• Records provided
============================================================

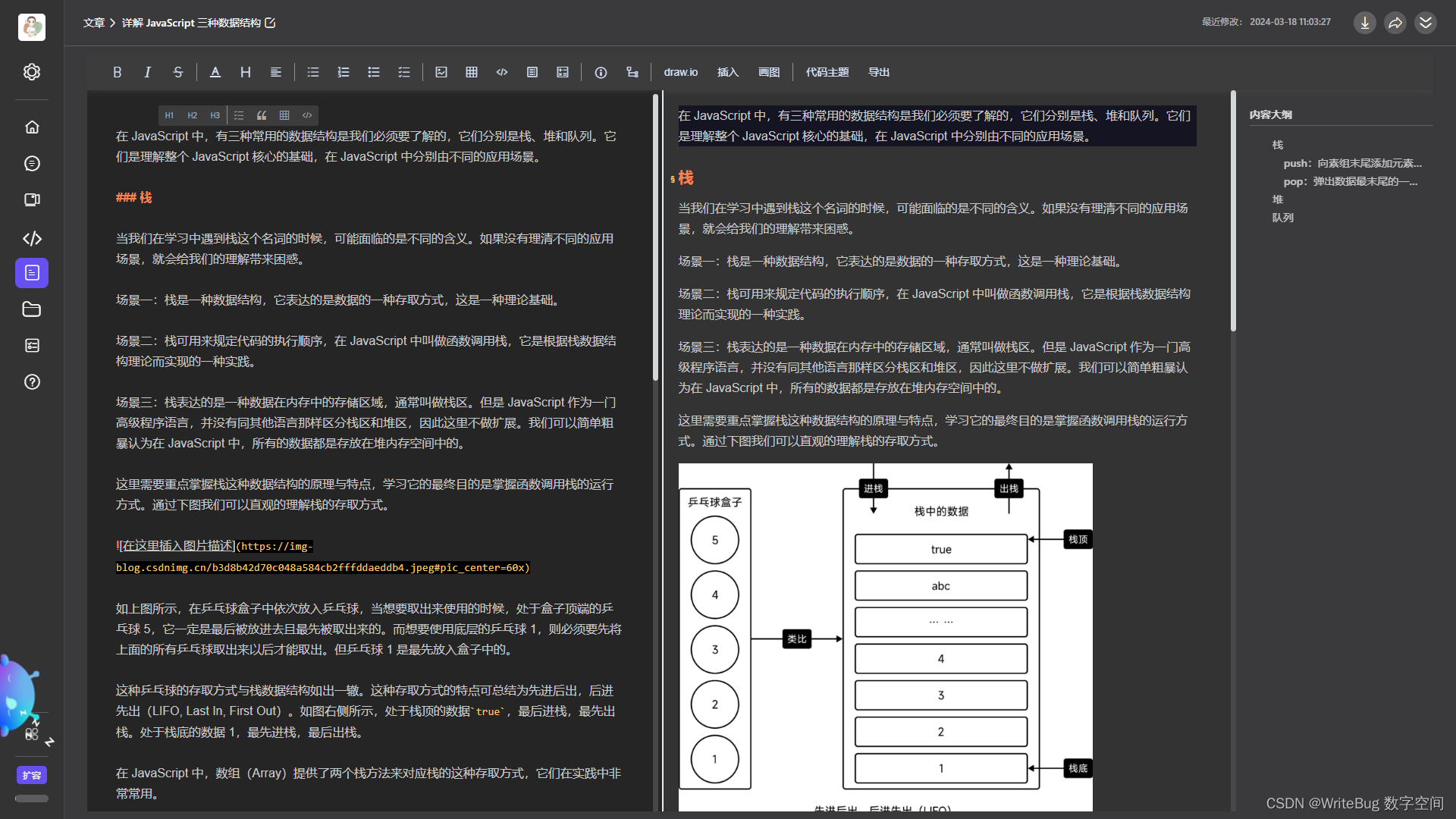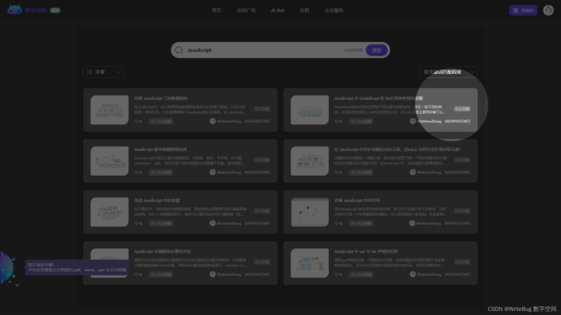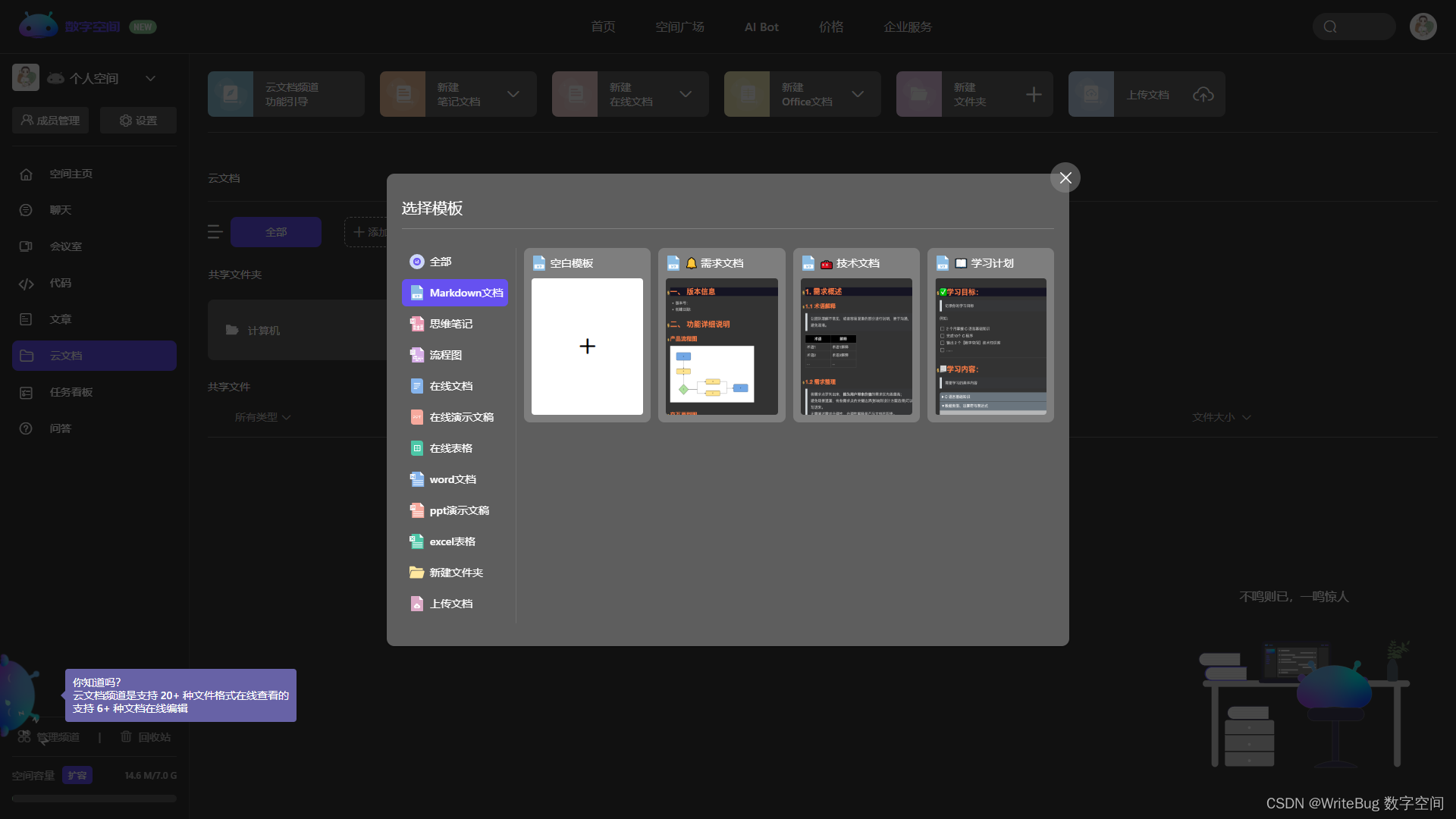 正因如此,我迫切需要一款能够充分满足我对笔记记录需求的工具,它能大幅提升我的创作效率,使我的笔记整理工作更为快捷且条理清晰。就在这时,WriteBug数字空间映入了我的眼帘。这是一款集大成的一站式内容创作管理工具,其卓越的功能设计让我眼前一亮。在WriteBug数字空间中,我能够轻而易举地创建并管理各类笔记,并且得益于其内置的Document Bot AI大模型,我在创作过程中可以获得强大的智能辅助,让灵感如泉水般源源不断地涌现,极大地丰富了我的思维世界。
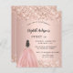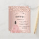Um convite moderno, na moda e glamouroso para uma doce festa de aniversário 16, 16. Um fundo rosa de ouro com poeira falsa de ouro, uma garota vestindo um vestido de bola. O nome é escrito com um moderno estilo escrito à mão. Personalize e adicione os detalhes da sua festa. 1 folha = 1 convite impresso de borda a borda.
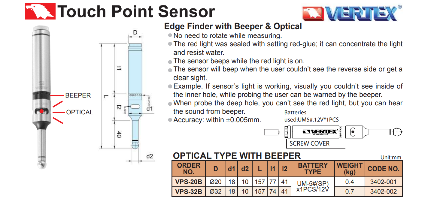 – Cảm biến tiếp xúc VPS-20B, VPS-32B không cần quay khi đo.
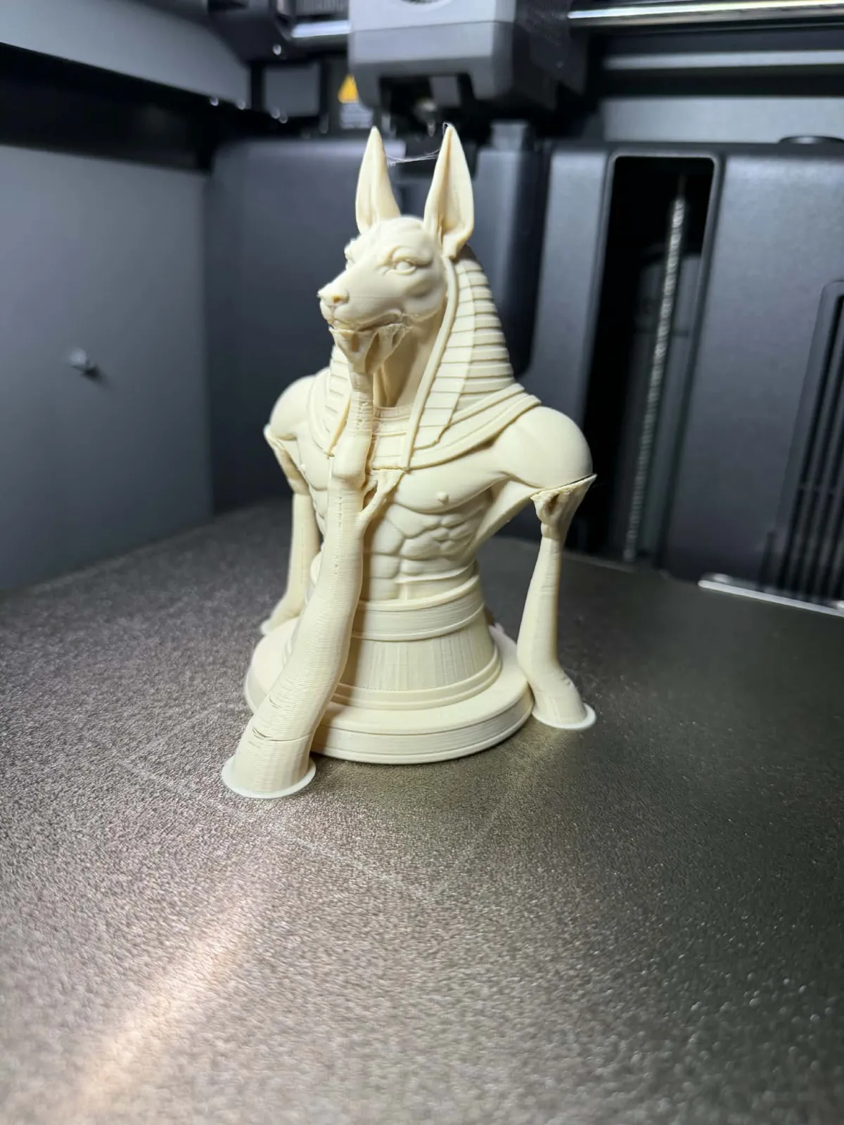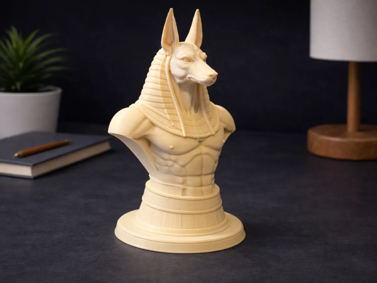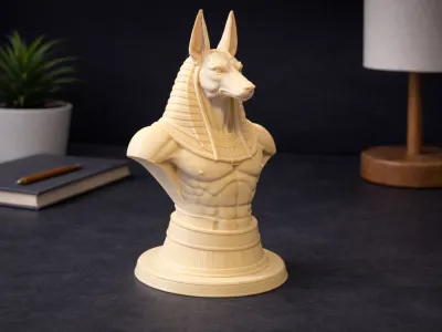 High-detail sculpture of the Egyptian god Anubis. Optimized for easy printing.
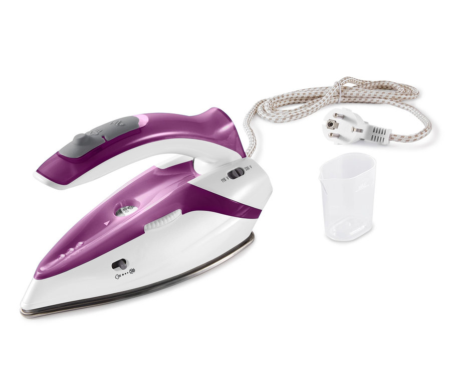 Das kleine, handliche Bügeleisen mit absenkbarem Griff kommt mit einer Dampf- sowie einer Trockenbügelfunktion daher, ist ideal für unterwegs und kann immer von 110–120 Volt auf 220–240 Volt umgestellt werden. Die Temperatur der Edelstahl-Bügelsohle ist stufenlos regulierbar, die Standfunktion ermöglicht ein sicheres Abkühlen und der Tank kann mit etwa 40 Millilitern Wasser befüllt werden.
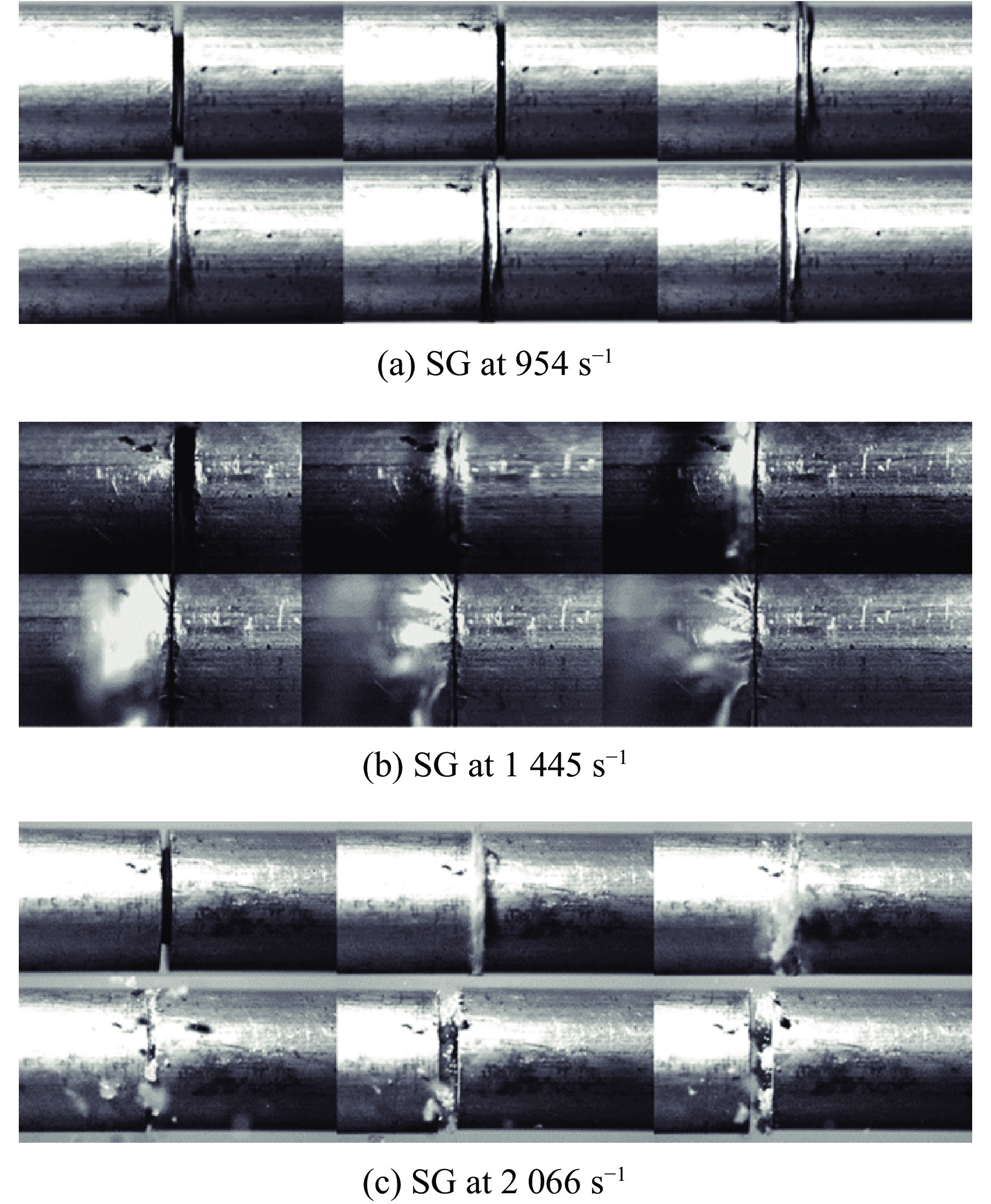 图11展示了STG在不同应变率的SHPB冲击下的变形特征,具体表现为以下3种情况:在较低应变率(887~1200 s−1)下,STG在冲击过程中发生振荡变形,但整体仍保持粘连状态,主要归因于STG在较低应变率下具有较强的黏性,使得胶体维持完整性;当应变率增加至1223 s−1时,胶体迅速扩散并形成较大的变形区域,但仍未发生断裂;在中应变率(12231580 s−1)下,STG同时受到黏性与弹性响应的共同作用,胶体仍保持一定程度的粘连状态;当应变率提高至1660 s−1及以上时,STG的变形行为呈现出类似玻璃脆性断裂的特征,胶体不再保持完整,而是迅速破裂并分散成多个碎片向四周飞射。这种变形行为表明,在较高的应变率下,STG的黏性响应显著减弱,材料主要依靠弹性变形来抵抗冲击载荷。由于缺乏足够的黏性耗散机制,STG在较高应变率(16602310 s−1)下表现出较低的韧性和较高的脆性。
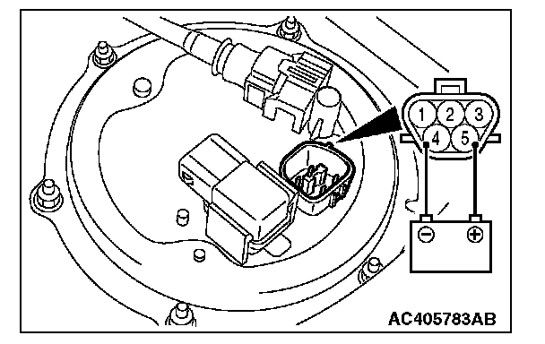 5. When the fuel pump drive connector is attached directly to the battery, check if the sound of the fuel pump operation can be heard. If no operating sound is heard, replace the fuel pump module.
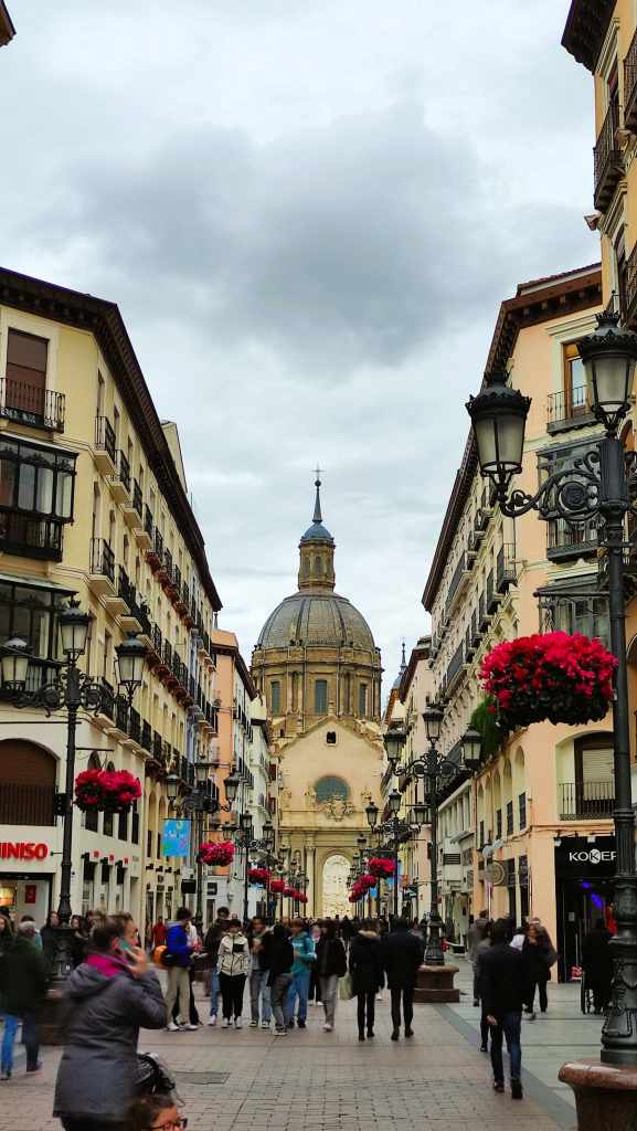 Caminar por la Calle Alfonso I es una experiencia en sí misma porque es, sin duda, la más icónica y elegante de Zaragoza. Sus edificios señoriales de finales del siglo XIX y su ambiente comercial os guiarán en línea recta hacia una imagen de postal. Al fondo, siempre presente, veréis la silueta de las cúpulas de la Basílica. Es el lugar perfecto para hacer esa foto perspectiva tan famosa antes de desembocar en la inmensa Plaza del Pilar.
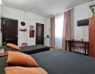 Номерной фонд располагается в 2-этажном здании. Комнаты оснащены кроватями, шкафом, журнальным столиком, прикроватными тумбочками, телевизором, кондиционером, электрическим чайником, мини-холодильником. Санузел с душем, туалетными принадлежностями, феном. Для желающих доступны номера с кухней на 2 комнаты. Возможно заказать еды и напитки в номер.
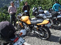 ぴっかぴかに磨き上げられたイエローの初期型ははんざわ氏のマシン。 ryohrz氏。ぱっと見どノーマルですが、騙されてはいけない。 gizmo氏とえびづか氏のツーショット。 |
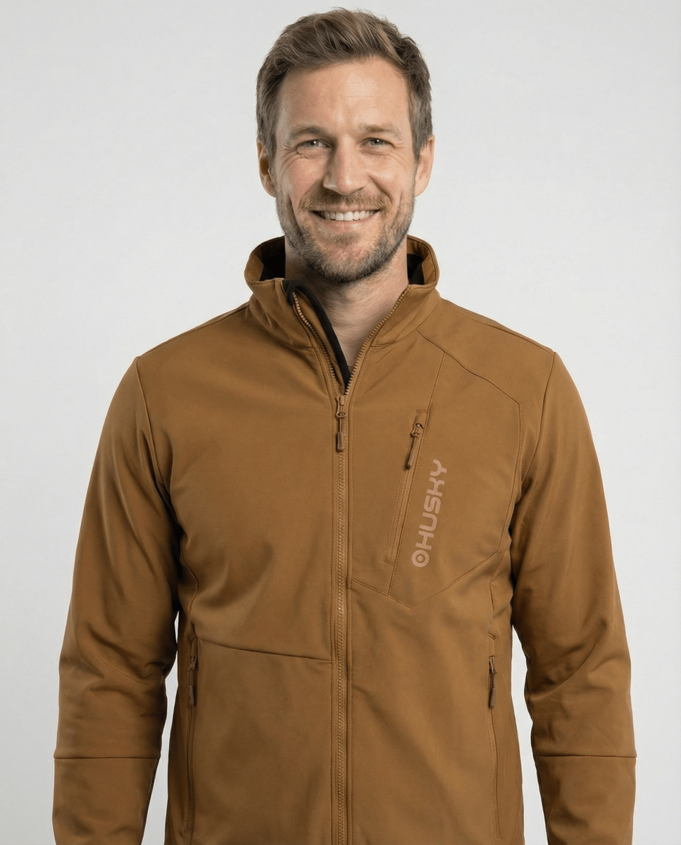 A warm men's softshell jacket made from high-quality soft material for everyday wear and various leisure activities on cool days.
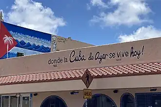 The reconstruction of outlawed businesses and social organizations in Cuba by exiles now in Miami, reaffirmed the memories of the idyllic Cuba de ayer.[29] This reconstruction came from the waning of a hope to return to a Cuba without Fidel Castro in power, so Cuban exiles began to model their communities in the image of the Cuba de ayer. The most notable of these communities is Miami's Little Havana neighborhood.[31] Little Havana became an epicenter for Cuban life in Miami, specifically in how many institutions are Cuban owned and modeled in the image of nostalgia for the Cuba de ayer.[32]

============================================================

Please retype exactly the lines from the one containing "Номерной фонд располагается" to the last line of the records above, both included, without any pictures.

• Exercise answer
 Номерной фонд располагается в 2-этажном здании. Комнаты оснащены кроватями, шкафом, журнальным столиком, прикроватными тумбочками, телевизором, кондиционером, электрическим чайником, мини-холодильником. Санузел с душем, туалетными принадлежностями, феном. Для желающих доступны номера с кухней на 2 комнаты. Возможно заказать еды и напитки в номер.
 ぴっかぴかに磨き上げられたイエローの初期型ははんざわ氏のマシン。 ryohrz氏。ぱっと見どノーマルですが、騙されてはいけない。 gizmo氏とえびづか氏のツーショット。 |
 A warm men's softshell jacket made from high-quality soft material for everyday wear and various leisure activities on cool days.
 The reconstruction of outlawed businesses and social organizations in Cuba by exiles now in Miami, reaffirmed the memories of the idyllic Cuba de ayer.[29] This reconstruction came from the waning of a hope to return to a Cuba without Fidel Castro in power, so Cuban exiles began to model their communities in the image of the Cuba de ayer. The most notable of these communities is Miami's Little Havana neighborhood.[31] Little Havana became an epicenter for Cuban life in Miami, specifically in how many institutions are Cuban owned and modeled in the image of nostalgia for the Cuba de ayer.[32]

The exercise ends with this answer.